そして何より、日本企業の誠実で堅実な姿勢に惚れ込んで、私は日本企業の代理を務めることに命を懸けている。日本企業の利益を上げるために役立ちたいという思いである。

そんななか、グローバル市場でビジネスを展開する日本企業に疑問を感じたことがある。それは特許権の保有数が世界トップランクであるにもかかわらず、その特許権、知的財産を有効に活用することをためらうことだ。

経営学者のピーター・ドラッカーは言う

アメリカでは、価値の高い知的財産を有効に活用して利潤追求することは当たり前の概念である。私もこの概念は、企業がより良い経営をするため、合法的にかつ健康的に自社の権利を守ることにつながると考えている。

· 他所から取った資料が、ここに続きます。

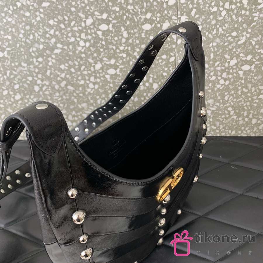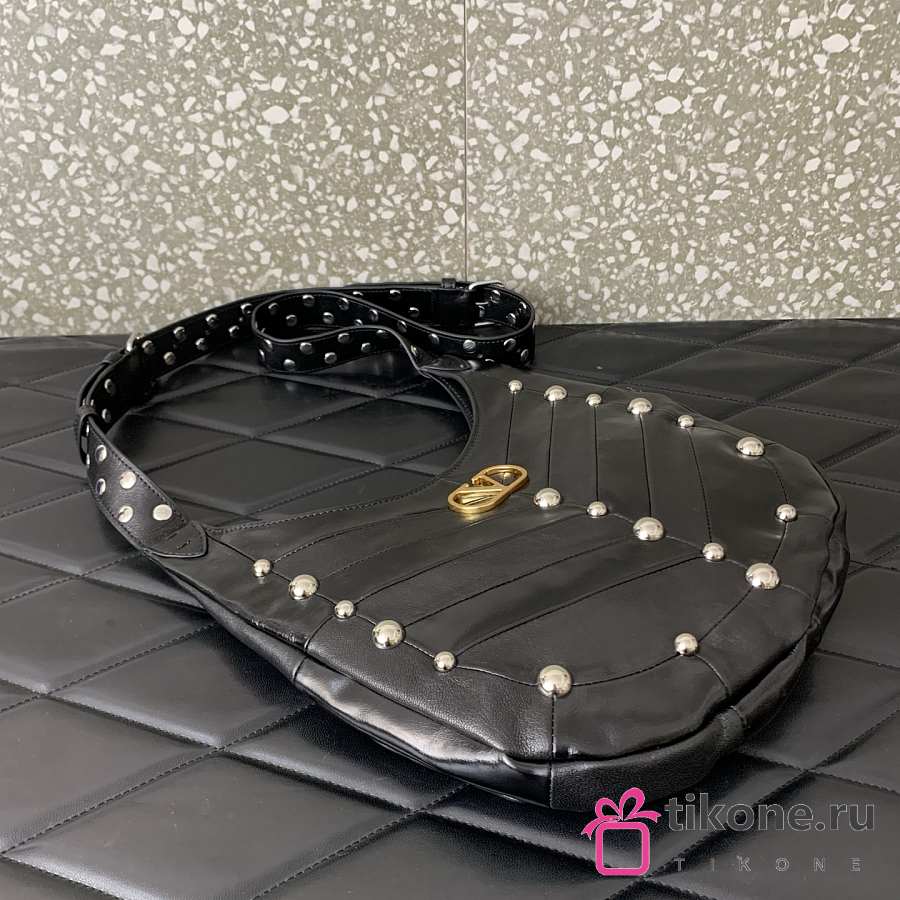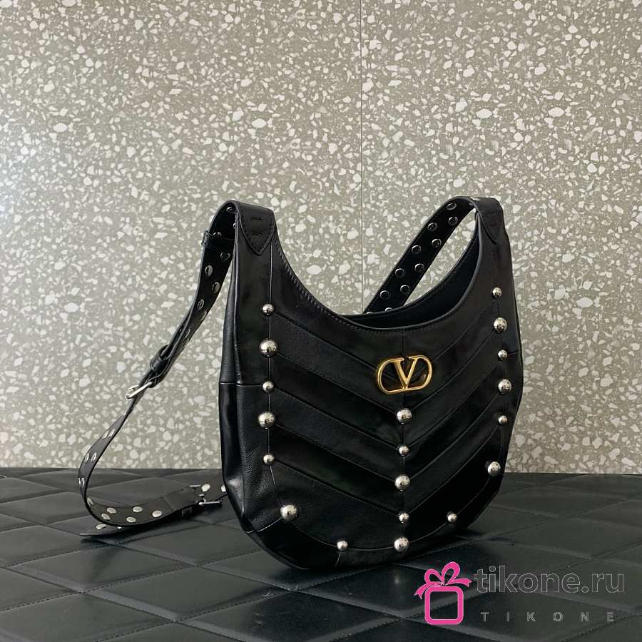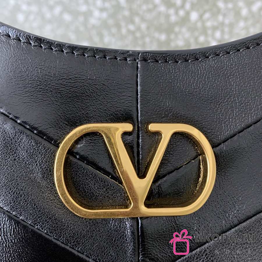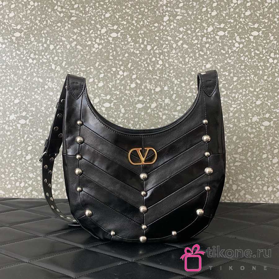 Valentino Garavani Hoboho Small Hobo Bag In Chevron Patterned Nappa Leather Black - 28x21.5x3cm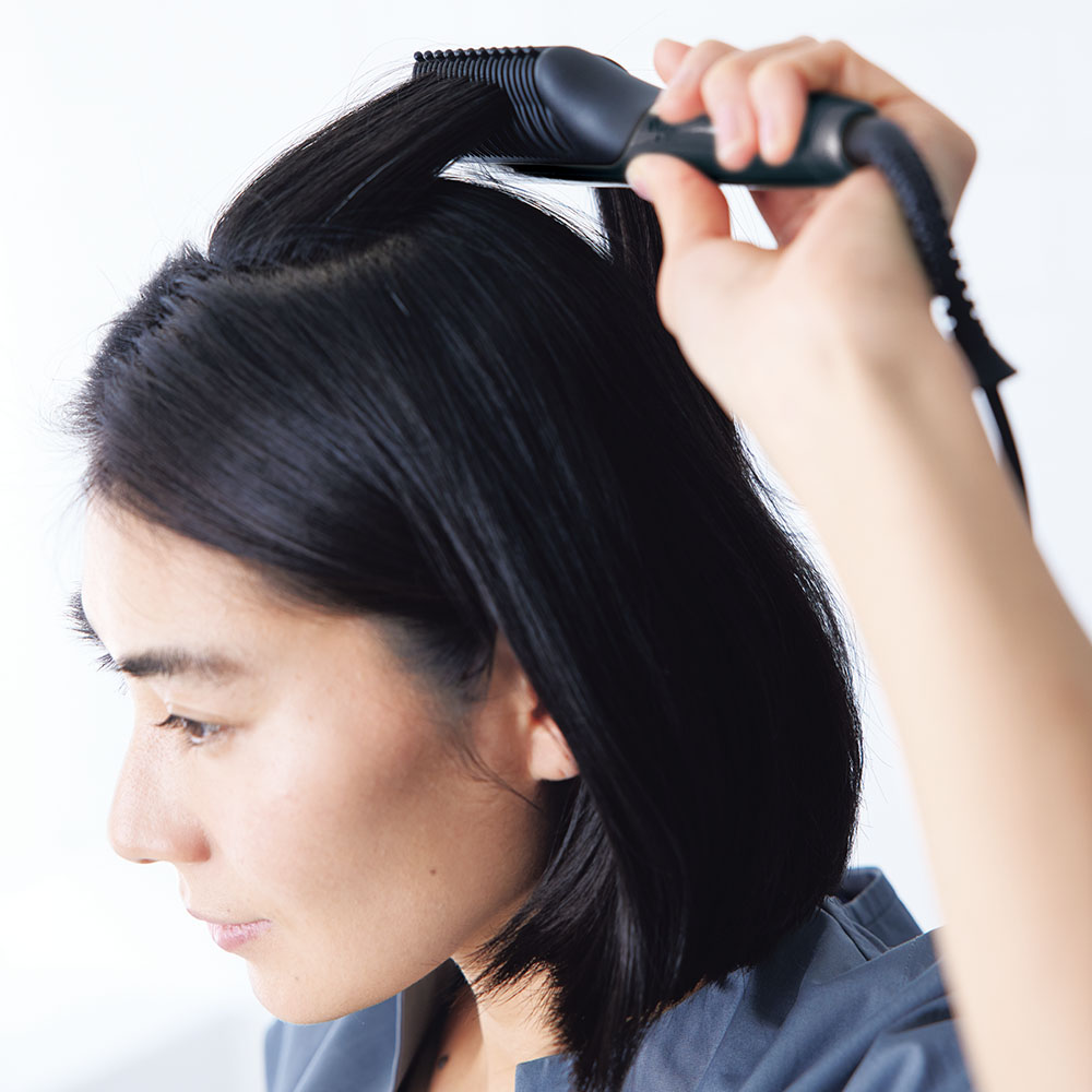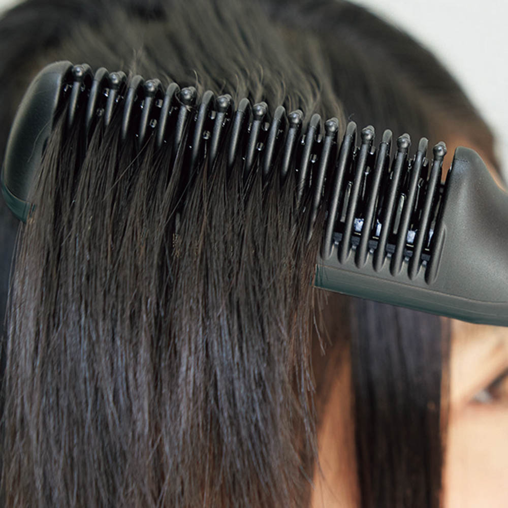 コーム形状で効率よく髪に熱を与え、スタイリングしやすく。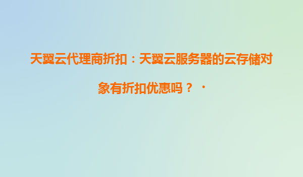 天翼云代理商折扣:云存储对象服务优惠详解 随着企业数字化转型加速,云存储服务成为业务发展的核心需求之一。天翼云作为国内领先的云服务提供商,不仅以技术实力和安全能力著称...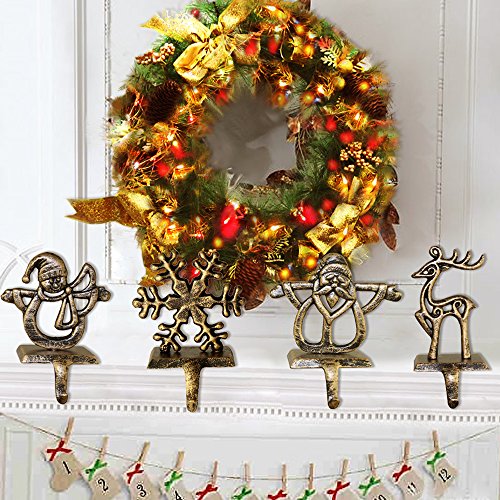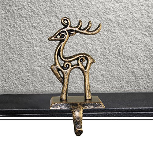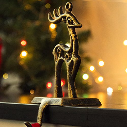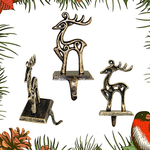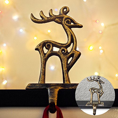 Bluecookies Christmas Reindeer Stocking Holder Heavy Cast Iron Stockings Hangers Hooks for Fireplace Mantle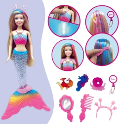 Στη συσκευασία περιλαμβάνεται ένα πλούσιο σετ αξεσουάρ – βούρτσα, χτένα, καθρεφτάκι και κορόνες – που ενισχύουν τη λεπτή κινητικότητα, τη δημιουργικότητα και την ανάπτυξη των αισθήσεων. Η κούκλα είναι εξαιρετική επιλογή για παιδιά που αγαπούν τα παραμύθια, τα χρώματα και την μαγική ατμόσφαιρα.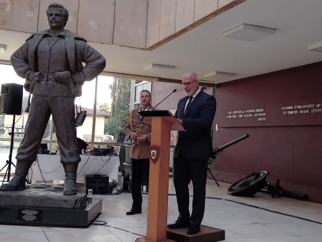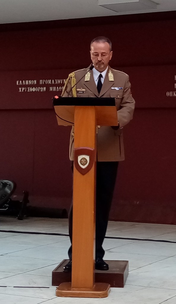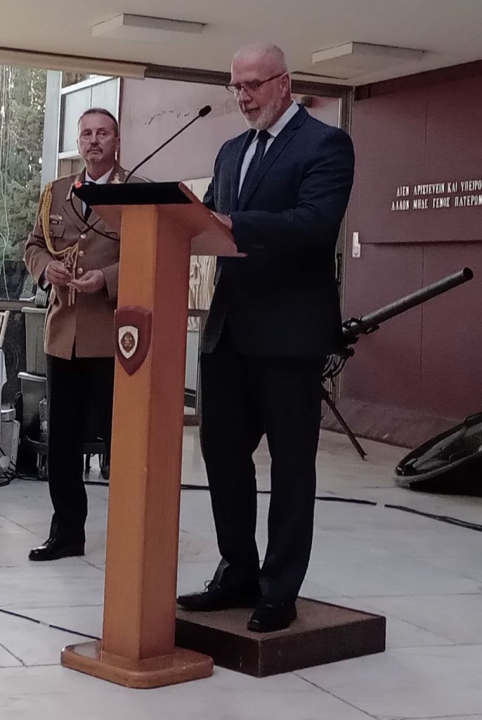 Στο βήμα των ομιλητών ο νέος Πρέσβης της Ουγγαρίας στην Ελλάδα Στρατηγός ε.α. κ. Zsolt Sándor και στα δεξιά του ο Ακόλουθος Άμυνας, Στρατού και Αεροπορίας της Ουγγαρίας Συνταγματάρχης κ. László Urbán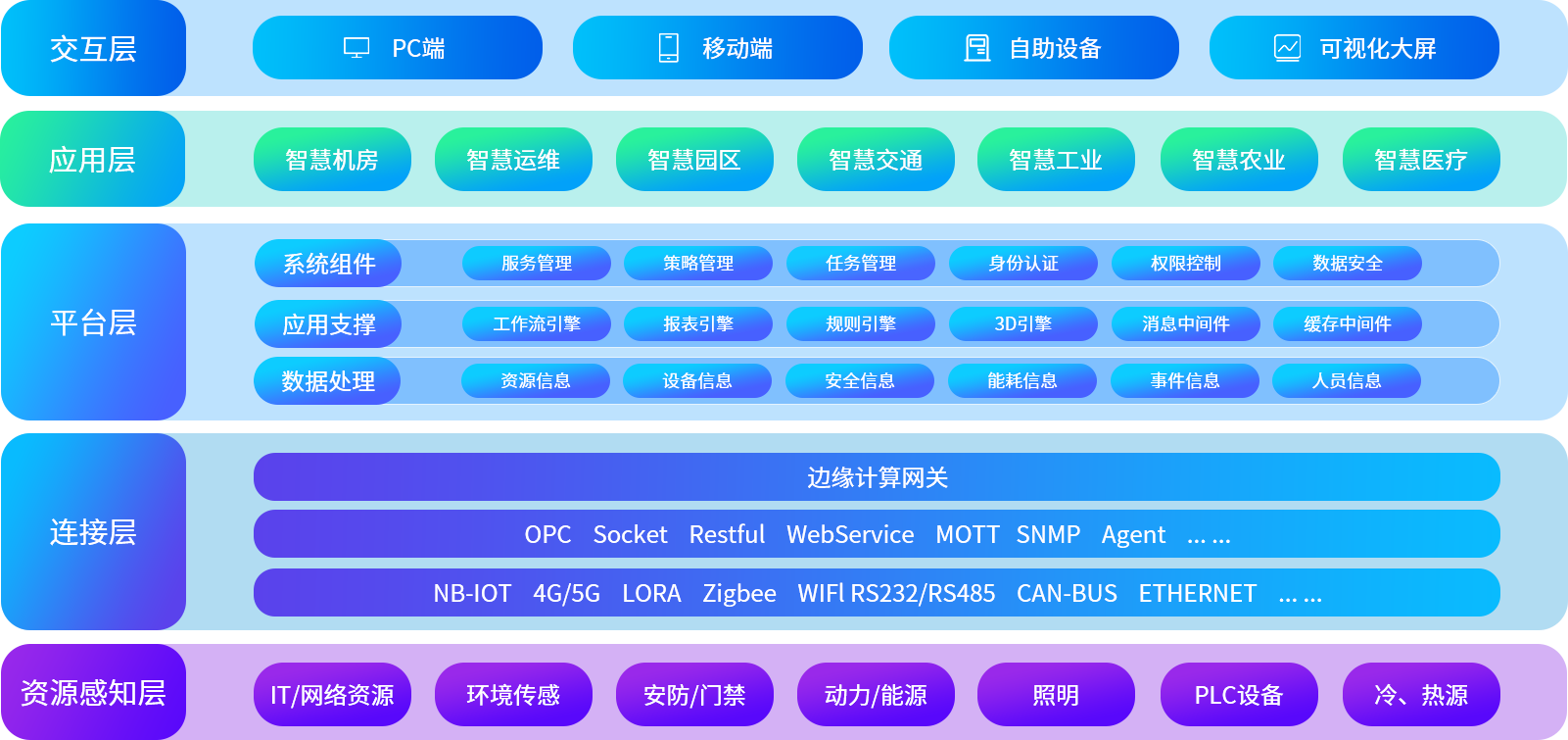 支持各類常見(jiàn)主流聯(lián)網(wǎng)方式,支持主流物聯(lián)網(wǎng)協(xié)議,支持私有協(xié)議定制開(kāi)發(fā)。支持設(shè)備直連、網(wǎng)關(guān)接入、云端對(duì)接,支持第三方物聯(lián)平臺(tái)接入。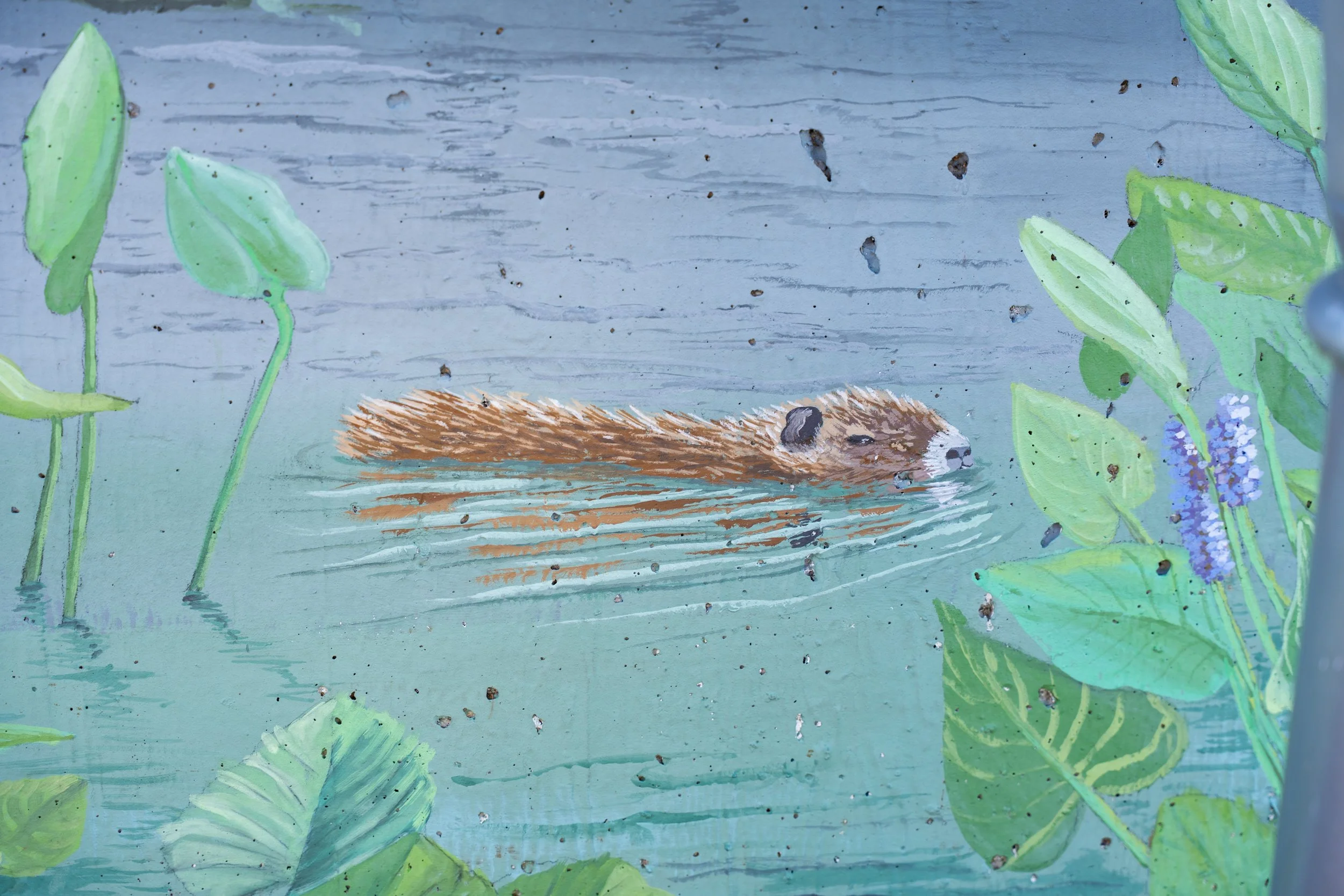 The mural depicts the life and impact of a river from source to sea. It demonstrates the ecosystems that form around flowing bodies of water, the inter-relationship between nature and humanity, and the multiplicity of life that rivers foster. This mural synthesizes art and science by visually illuminating the importance of scientific endeavors to the world.

例えば、あなたがある企業の株主で、日本一高い土地、銀座の1平方メートル当たり4000~5000万円する土地を所有しているのにもかかわらず、空き地のままで利用していないと聞いたらどう感じるだろう。その土地を有効活用してほしいと思わないだろうか。

経営学者のピーター・ドラッカーは「企業の目的は利潤の追求ではなく、社会的な役割を果たすことである」といった言葉を残している。これだけを聞くと、自社の利潤追求は好ましくないように思えるかもしれない。しかし彼は「利益と社会貢献は対立するものであるという謬見が生まれている」とも語っている。

この考え方を先ほどの「銀座の空き地」に当てはめてみよう。銀座の一等地という有益なビジネスができる場所を利潤追求的な行為であるかもしれないからと活用することをためらい、空き地のまま放置して社会貢献的な活用方法を見出す努力もしないとすれば、まさに利益と社会貢献が対立するものであるという謬見の一例とも言えないだろうか。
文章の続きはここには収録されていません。